In this study, we screened a peptide that has highly specific binding activity to human GC tissues. When labeled with fluorescein isothiocyanate (FITC), the peptide has the potential for in vivo use to produce increased fluorescence intensity at the site of neoplastic mucosa. This method can be used as a more specific strategy for early detection of GC.
The human gastric cancer cell line BGC823 and Epstein-Barr virus-transformed human gastric epithelial cell line GES-1 were maintained in Dulbecco’s modified Eagle’s medium supplemented with 10% fetal bovine serum, 100 U/mL penicillin and 100 μg/mL streptomycin. Cells were incubated at 37 °C in an atmosphere with 5% CO2.
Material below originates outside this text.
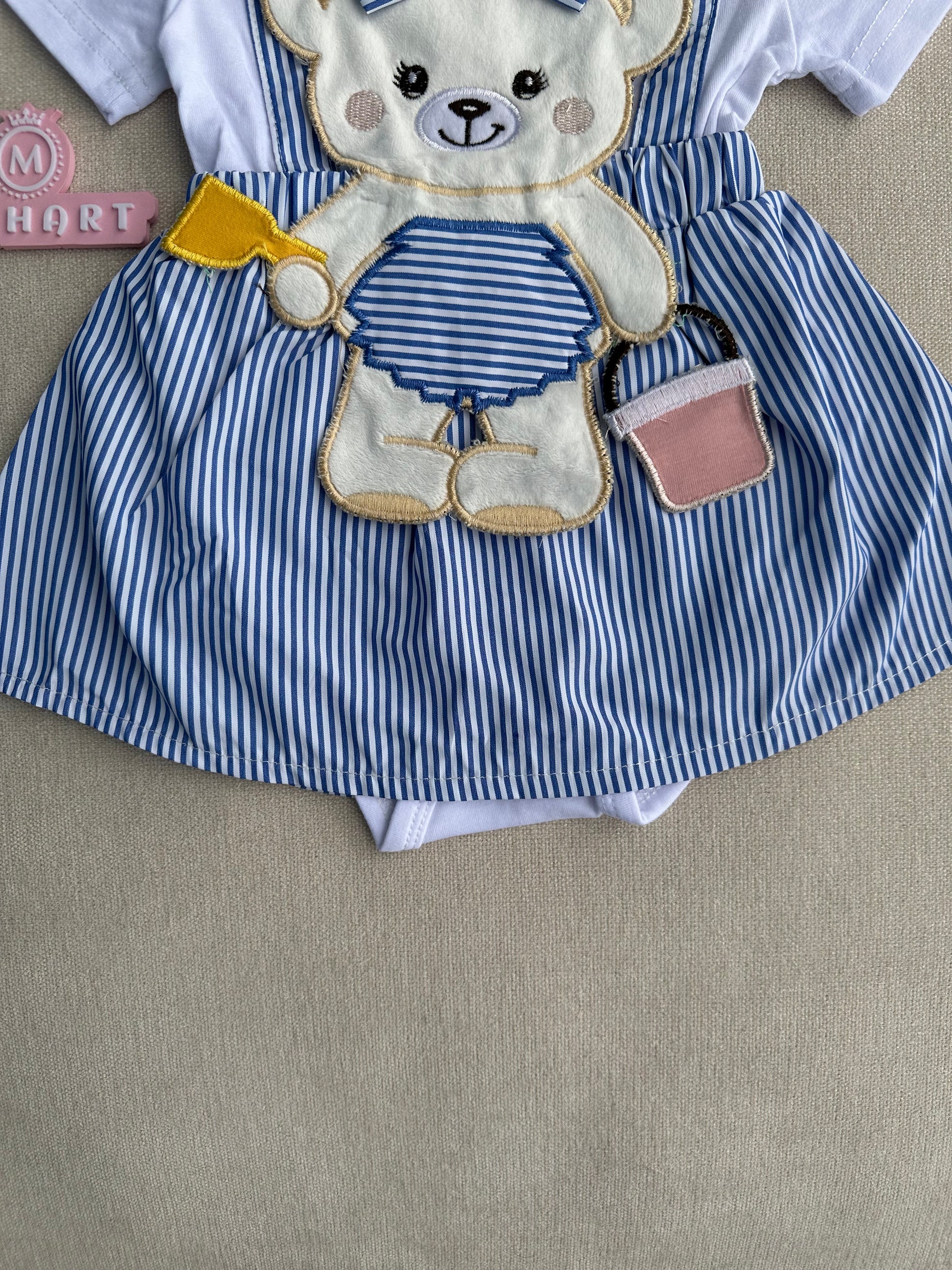 Bear stripe romper with headband

Peptide screen was conducted in the patients (n = 3) with histologically validated intestinal-type gastric adenocarcinoma (Lauren’s classification). Paraffin-embedded human tissues from 36 cases of gastric cancer (21 intestinal and 15 diffuse) and 15 cases of adjacent normal appearing gastric mucosa, 12 cases of breast cancer, and 15 cases of colorectal cancer were used for validating the screened peptide. The study was approved by the Bioethics Committee of the First Affiliated Hospital of Xian Jiaotong University Medical College, and written informed consent was obtained from all the patients. For the peptide screen, fresh specimens of cancer and adjacent normal appearing gastric mucosa (5 cm away from the macroscopic margin of the tumor) were collected during subtotal gastrectomy. Half of the tissue was cut into 0.5 cm × 0.5 cm × 0.3 cm pieces immediately and washed with magnesium-free Dulbecco’s phosphate-buffered saline (PBS) for 2 min at 4 °C to be used for biopanning or immunofluorescence procedures[9]. The other half of the tissue was embedded in optimal cutting temperature freezing compound (Sakura Finetek United States, Torrance, CA) immediately. The tissue was cut into 6-μm sections, mounted onto Poly-D-Lysine-coated slides, and stored at -80 °C for the peptide binding assay. All the histopathological specimens were evaluated by two gastrointestinal pathologists who were blinded to each other according to the common procedural criteria for such studies and to the imaging results[10].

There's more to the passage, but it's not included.